“If you work hard enough, and assert yourself, and use your mind and imagination, you can shape the world to your desires” ~ a quote from Outliers by Malcolm Gladwell
This was the mindset of the early Jewish immigrants who can to New York City in at the beginning of the twentieth century. They were primarily tradesmen who specialized in the clothing industry and similar trades which soon became the single largest industry in the City at that time. According the Gladwell these people were poised at the perfect time in history to take advantage of several key factors including the high demand for the skills they had to offer, tremendous growth in the population, and the abilities needed to pursue independent business operations. They were creators and innovators and entrepreneurs. And yes they may have worked hard and made only a little money but they were happy. They were the ones shaping their worlds and creating their futures both for themselves and for their future generations. Their children and grandchildren followed this path and eventually became the most successful doctors and lawyers of their respective times.
Knowledge is intoxicating. Once you begin to steep yourself in it you become absorbed with learning more. You want to know everything there is to know about . . . well everything! However, what really sets people apart and makes them successful and perhaps even more importantly is the ability to create. This seems to be one of the ways that humans were made in the image of God as Genesis tells us. God’s overflow of His own happiness, or perhaps His expression of His own joy that he found in himself (according to John Piper) revealed itself in creation. Look at the great men of the Bible. Joseph creatively and innovatively managed to stave off a terrible famine saving both his family and his adopted country. Noah created an enormous ark which was quite the laughing stock of his time but based on God’s forewarning turned out to save humanity from utter destruction. Paul created church after church, toiling harder than anyone (in his own words), to make his dream a reality. He worked hard, harder than enough. He asserted himself amongst the top leaders of his day. He used his mind and knowledge of the Jewish Scriptures. He used his imagination to creatively connect old and new theology into a practical relevant message. And he shaped his world to his desires spreading the gospel to thousands perhaps millions of people.

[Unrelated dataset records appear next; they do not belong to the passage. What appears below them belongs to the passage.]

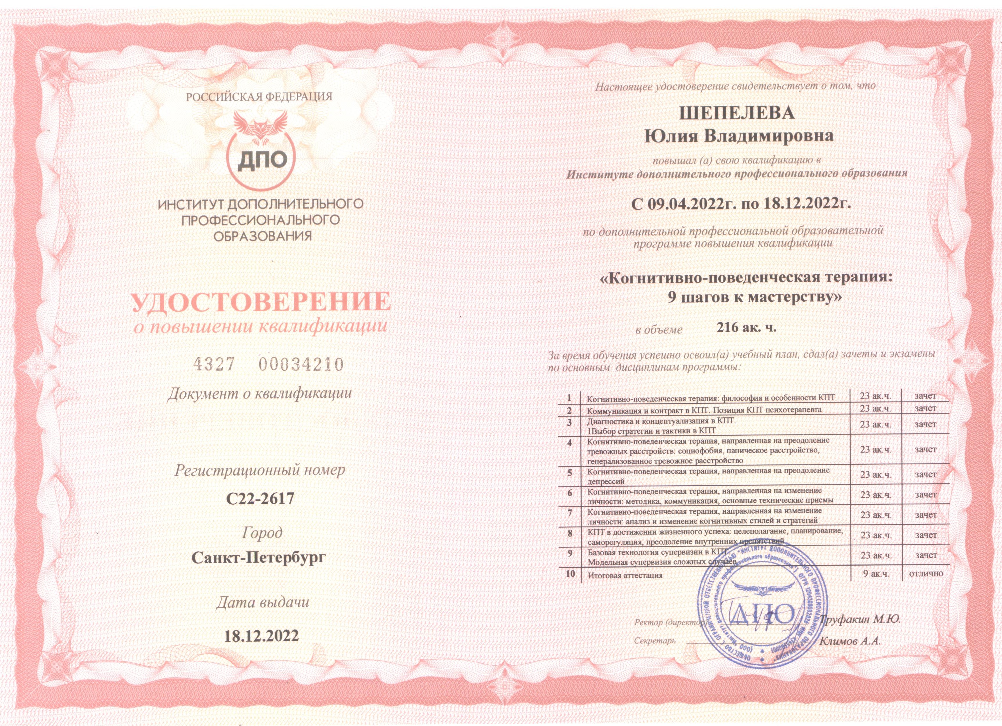 Когнитивно-поведенческая терапия: 9 шагов к мастерству - Институт дополнительного профессионального образования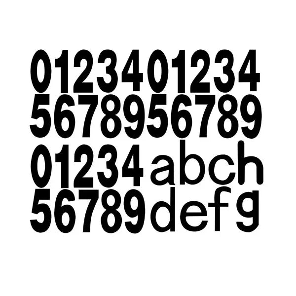- Teljes betű- és számkészlet – 3 db 0-9 számsor és 1 ív (a–h) betű matrica a személyre szabott felirathoz.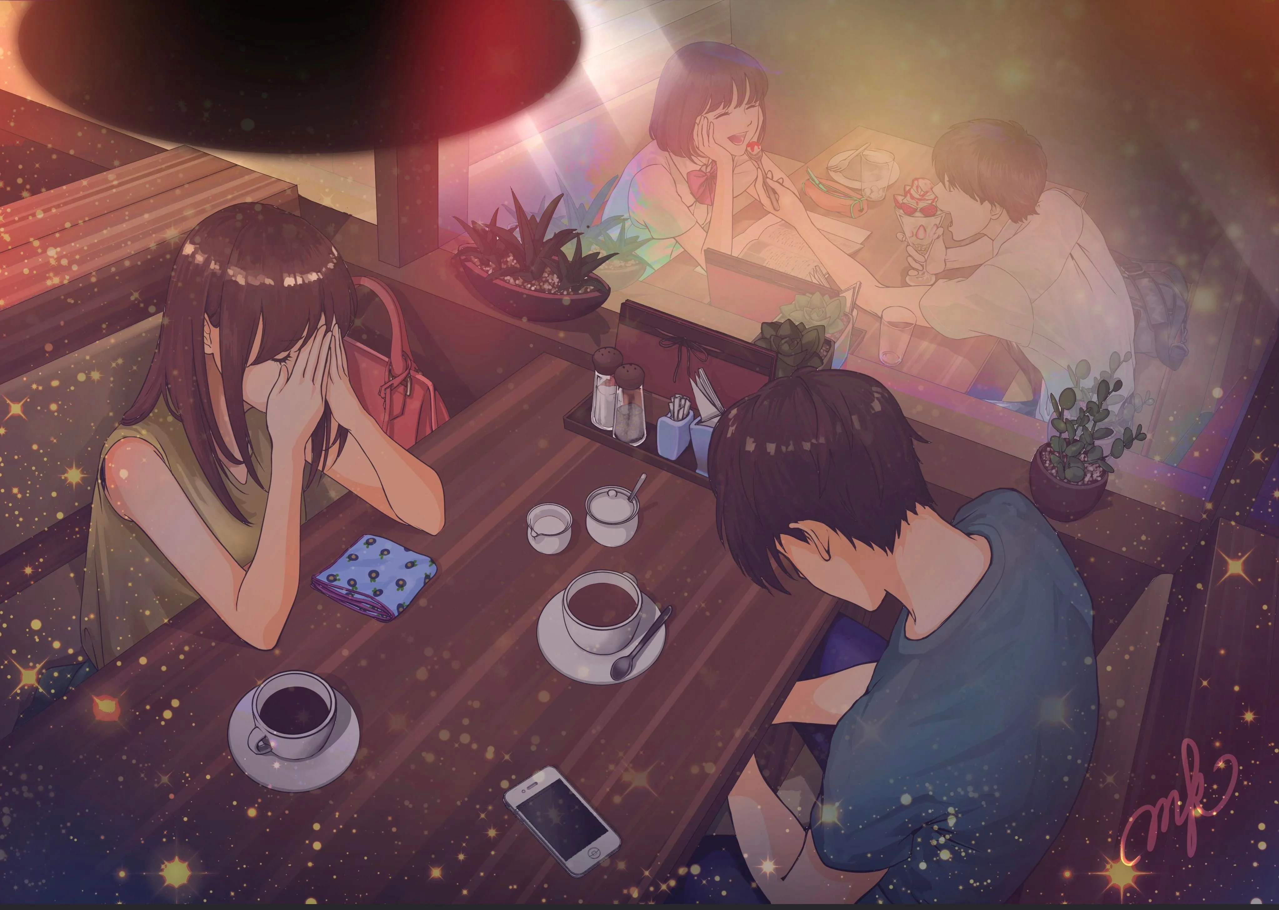 情侣 坐着 动漫 咖啡馆 悲伤 吃饭 餐馆 女孩 男孩 杯子 智能手机 4k壁纸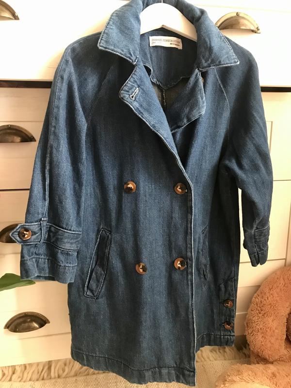 Джинсовий плащ/ тренч фірмиZara двостороннє застібання, насиченого синього кольору.6років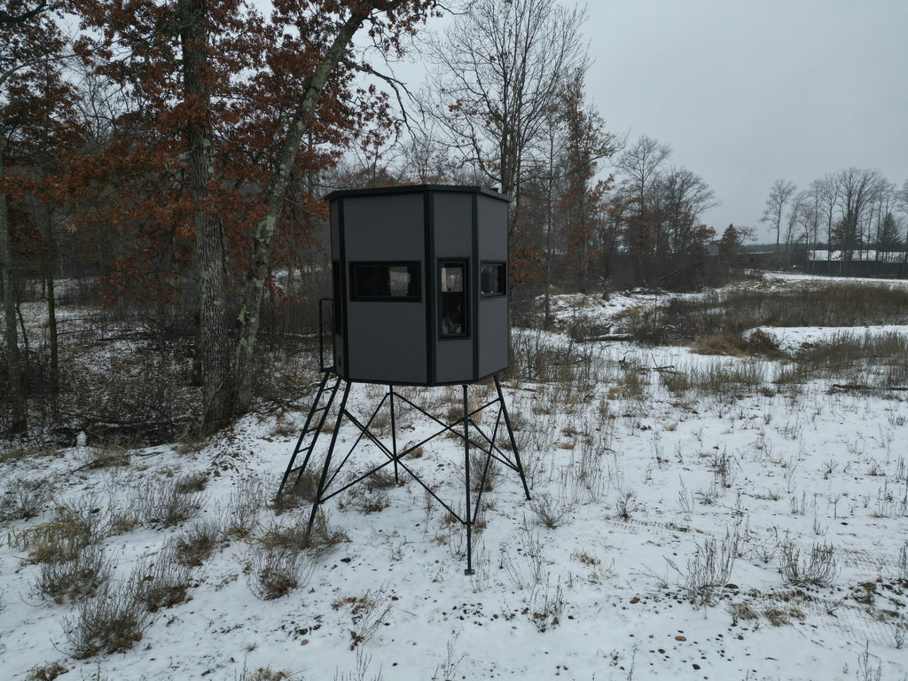 The Greylight Tower sits at 6' high when fully assembled and features a 6' octagonal platform for your blind. Each leg provides up to 14" of independent adjustment to accommodate uneven ground. A platform height of 6' provides an ideal setting for most hunting blind scenarios. The Greylight 6' Tower provides platform constructed of expanded metal mesh welded to a 3/4" tube frame. This platform provides versatile mounting attachements for the blind of your choice.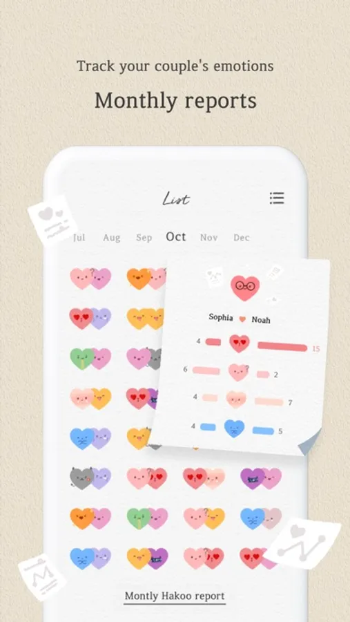 Every time you answer a question, you can select and share how you’re feeling that day. At the end of the month, our little helper (and EggMon’s best friend) Hakoo will gather it all and share the record of your love with you!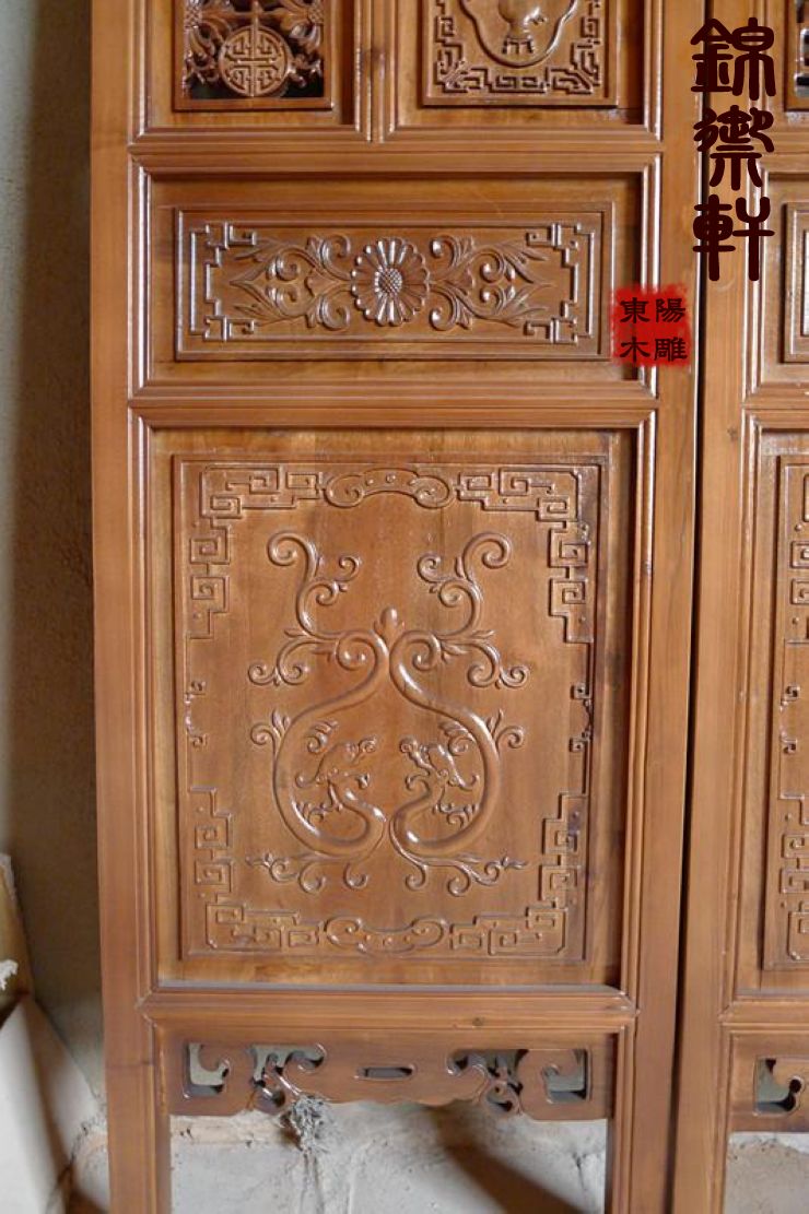 Dongyang wood carving solid wood folding screen Antique lattice partition entrance hollow background wall Floor-to-ceiling cover seat screen

However, it seems that first to be creative we need knowledge. This is what sets apart Thomas Edison from your neighbor who is trying to get rich off his newest invention. Your neighbor probably doesn’t like working very much. He’s rather chill at the bar with his friends. But that takes money. So “inventing” something seems like an easy way to make some money. You may give him an amused nod of approval as he rants about his latest bright idea. You may even show genuine appreciation for a new tool he creates to make mowing your lawn more efficient. But you will never see his products at Lowe’s or Home Depot. You will never read about him a hundred years later in your kid’s high school history books. In fact, if you move away from him you will probably at best remember him as a bemusing individual whom you may laugh about with your friends over a beer or use as an illustration of laziness for your kids.
You see Edison spent thousands hours on his invention. And he started from the ground up. He didn’t start thinking “how can I invent something to provide light for my house without using fire?” He started with a profound desire to know and to understand natural phenomenon around him. Which led to his understanding of electricity. Which, 10,000 hours later, led to his invention of the light bulb. Which you can still find a hundred years later on the shelves of . . . just about anywhere.
Success doesn’t come from tinkering around with ideas and bouncing them off your friends over coffee or musing over them on your bed late at night (after spending most of the evening talking about the guy you like or the house you will one day own or watching your favorite drama on television). You don’t learn how to make a woman happy by tinkering with the idea of dating. Going out with one or two. Talking to your mom about why you can’t understand girls and repeating to your buddy canned phrases such as “women! Can’t live with them, can’t live without them!” The magic number for being an expert at something is 10,000 hours. 10,000 hours not of tinkering and or thinking about a hundred different ideas, but of hard work gaining knowledge from those experts who have lived over many generations and done the same thing. You can’t decide the fate of the universe and convince me you are right because you spend 200 hours reading articles on the internet and a couple Tim Lahaye books and Revelation and now consider yourself an expert. You’re not. Spend 6 hours a day for the next five years reading everything you can get your hands on, and then maybe you can say you have mastered such philosophy.
And before one can truly be creative, one has to start with becoming an expert, with mastering something on which to build creativity. Otherwise you’ll be just like this post. Simply reformulating or even worse parroting the ideas of someone else because you never took the time to master those ideas in order to create new ones. (This post is quite honestly the abridging and repackaging of Malcolm Gladwell’s much researched and highly recommended work in three separate books [The Tipping Point, Blink, and Outliers] which undoubtedly took him hours of dedicated work and yet all narrows down to this one profound statement “the small things matter, a great deal more than we give them credit” – more on this later).